# Records provided:
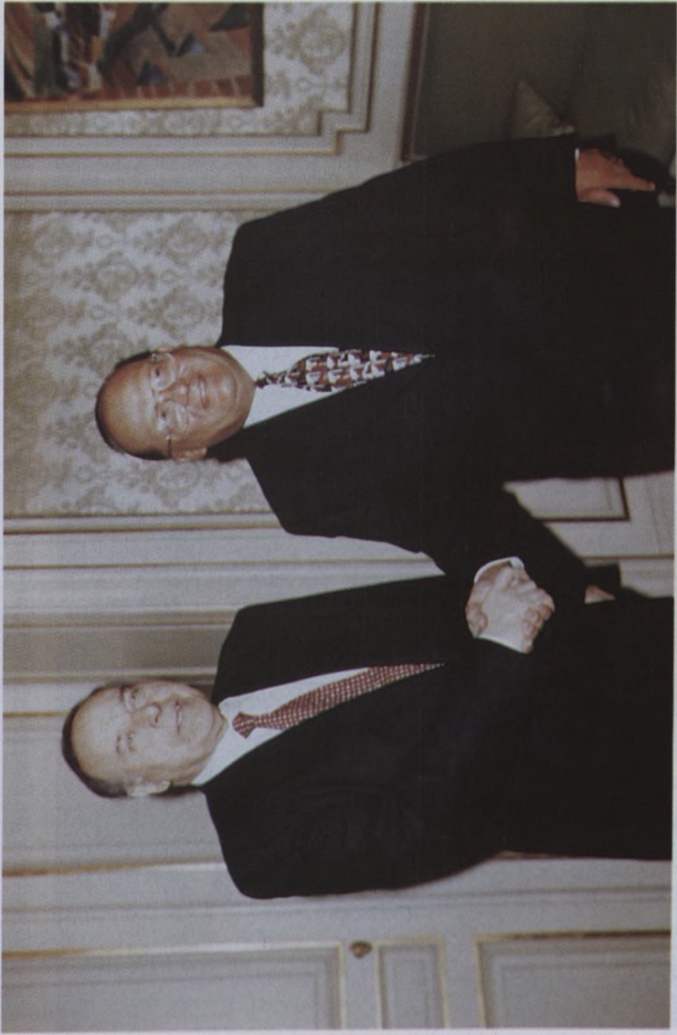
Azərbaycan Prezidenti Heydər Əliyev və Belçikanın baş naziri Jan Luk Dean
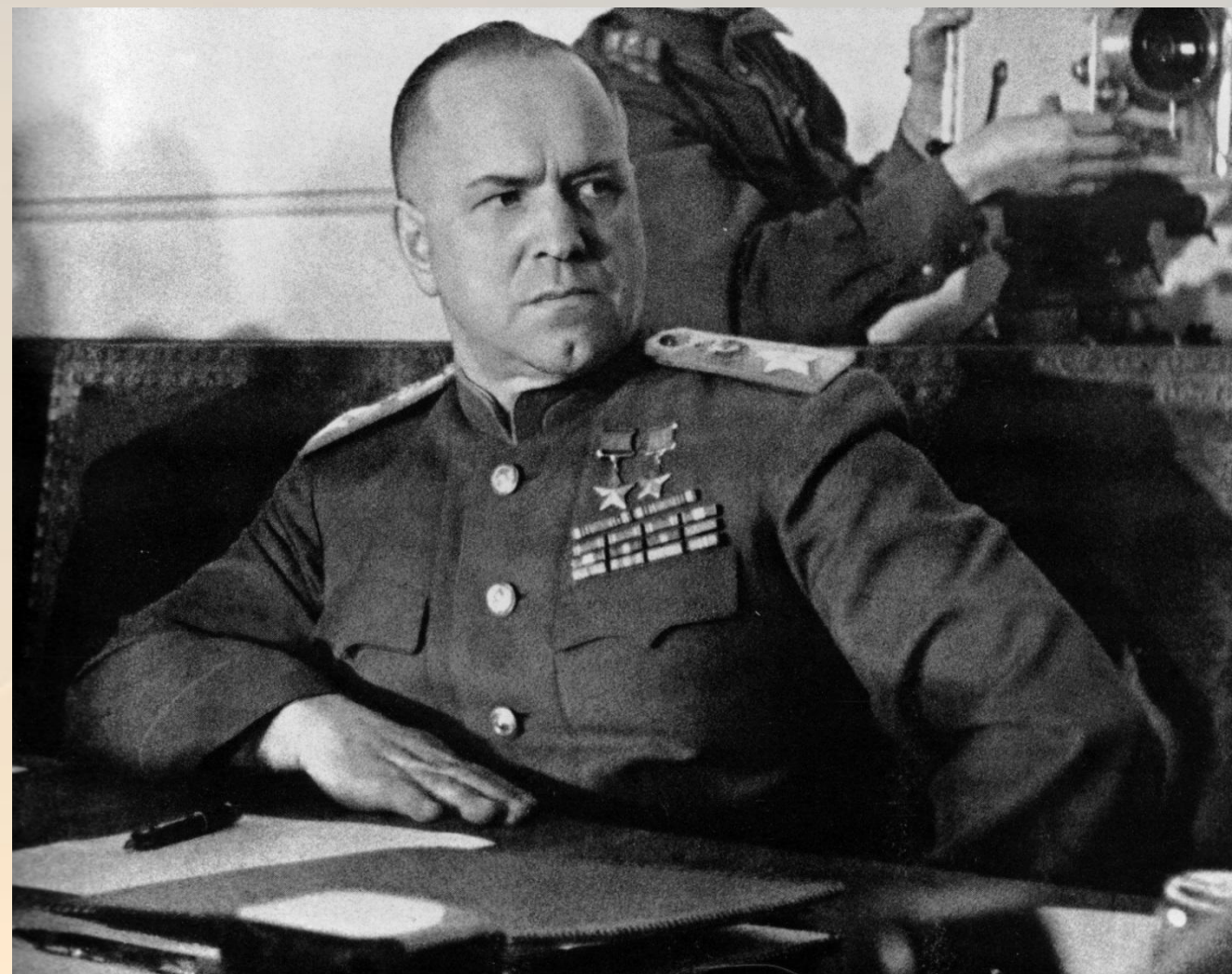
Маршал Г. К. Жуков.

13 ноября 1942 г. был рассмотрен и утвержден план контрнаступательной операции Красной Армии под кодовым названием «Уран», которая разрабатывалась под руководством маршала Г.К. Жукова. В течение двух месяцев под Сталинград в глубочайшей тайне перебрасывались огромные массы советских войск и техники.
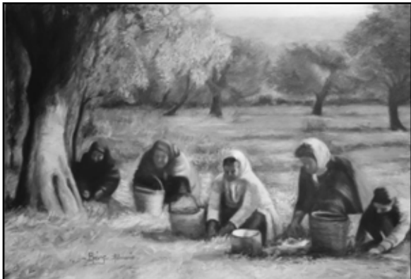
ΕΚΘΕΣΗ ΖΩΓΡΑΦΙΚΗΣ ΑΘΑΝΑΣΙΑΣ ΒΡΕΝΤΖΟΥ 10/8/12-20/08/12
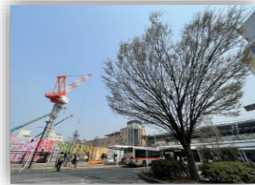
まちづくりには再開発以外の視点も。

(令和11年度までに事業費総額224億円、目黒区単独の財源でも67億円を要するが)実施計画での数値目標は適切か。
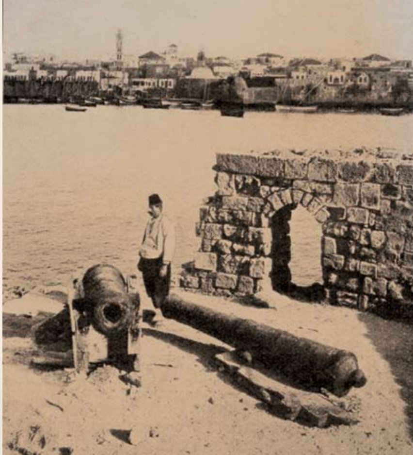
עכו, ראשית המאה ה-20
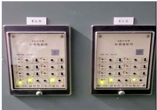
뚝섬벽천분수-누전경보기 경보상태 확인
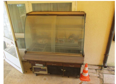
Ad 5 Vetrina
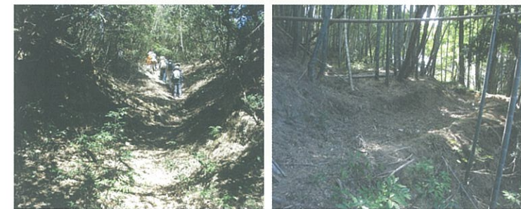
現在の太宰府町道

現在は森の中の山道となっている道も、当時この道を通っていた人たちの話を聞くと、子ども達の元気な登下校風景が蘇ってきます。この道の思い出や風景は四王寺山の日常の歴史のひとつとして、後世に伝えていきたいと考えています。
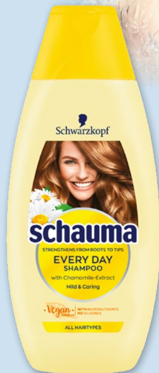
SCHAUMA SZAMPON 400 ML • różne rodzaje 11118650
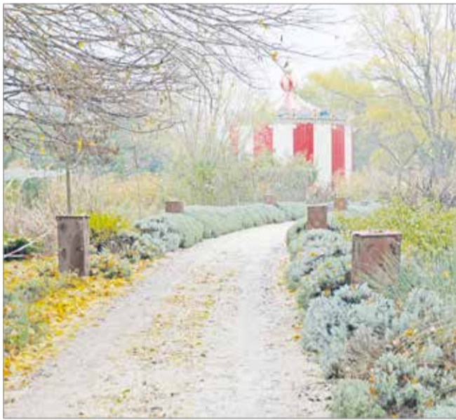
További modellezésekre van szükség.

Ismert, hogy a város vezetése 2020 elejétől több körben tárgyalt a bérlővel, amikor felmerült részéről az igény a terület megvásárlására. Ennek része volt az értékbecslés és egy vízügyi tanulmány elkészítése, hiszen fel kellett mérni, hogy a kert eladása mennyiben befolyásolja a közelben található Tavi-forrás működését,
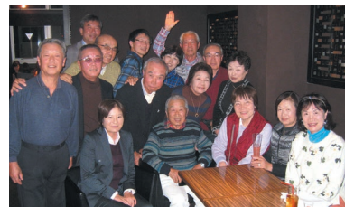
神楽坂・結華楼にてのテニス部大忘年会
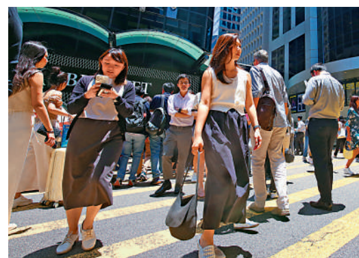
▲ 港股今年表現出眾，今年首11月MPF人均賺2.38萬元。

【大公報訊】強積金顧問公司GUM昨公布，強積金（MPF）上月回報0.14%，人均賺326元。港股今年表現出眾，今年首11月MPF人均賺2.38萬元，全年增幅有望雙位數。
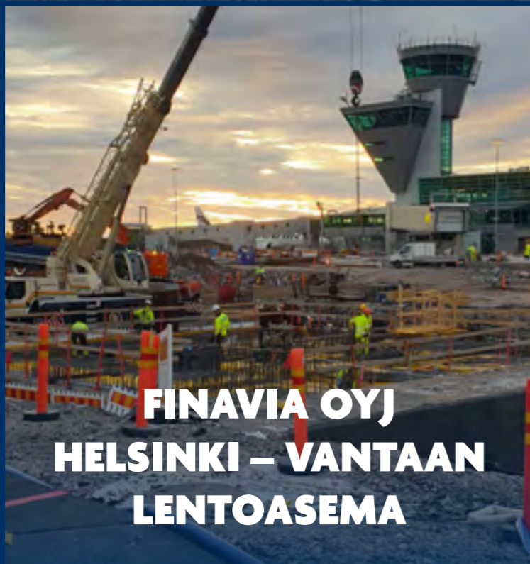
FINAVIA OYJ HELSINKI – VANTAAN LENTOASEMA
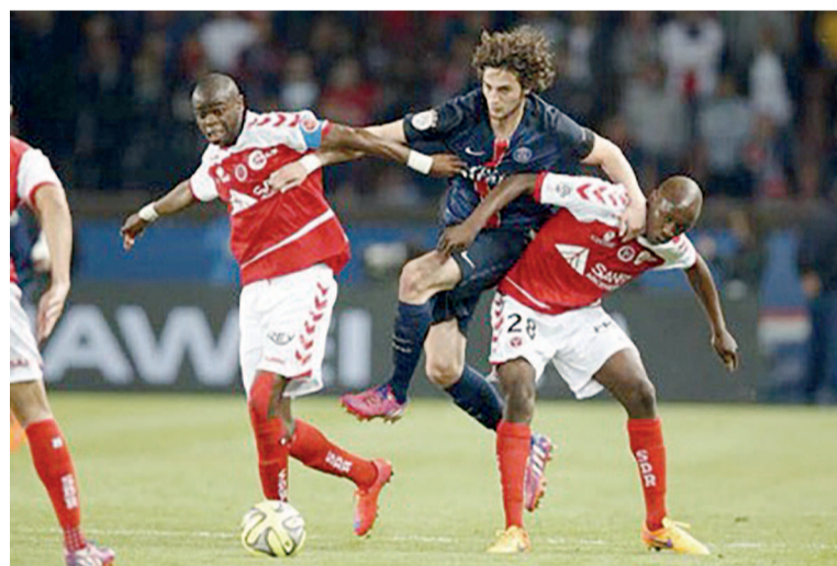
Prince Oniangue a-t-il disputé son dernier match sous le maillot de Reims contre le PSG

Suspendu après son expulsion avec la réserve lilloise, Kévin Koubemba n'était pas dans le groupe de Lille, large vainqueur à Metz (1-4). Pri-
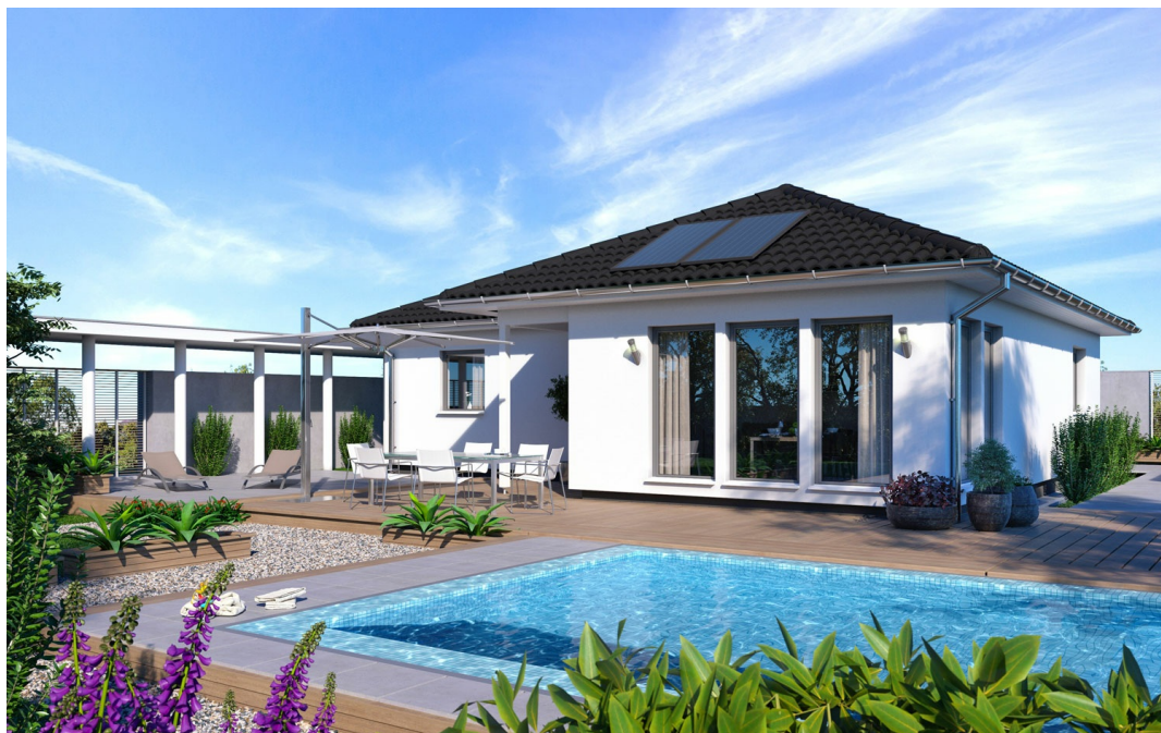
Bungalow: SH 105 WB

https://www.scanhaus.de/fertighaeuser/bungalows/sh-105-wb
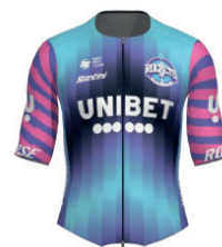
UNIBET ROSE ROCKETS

# Aim of the exercise:
Exact text is required for the lines from the one with "Bungalow: SH 105 WB" through the last line of the entries, both included. Omit pictures.

# Answer section:
Bungalow: SH 105 WB

https://www.scanhaus.de/fertighaeuser/bungalows/sh-105-wb
UNIBET ROSE ROCKETS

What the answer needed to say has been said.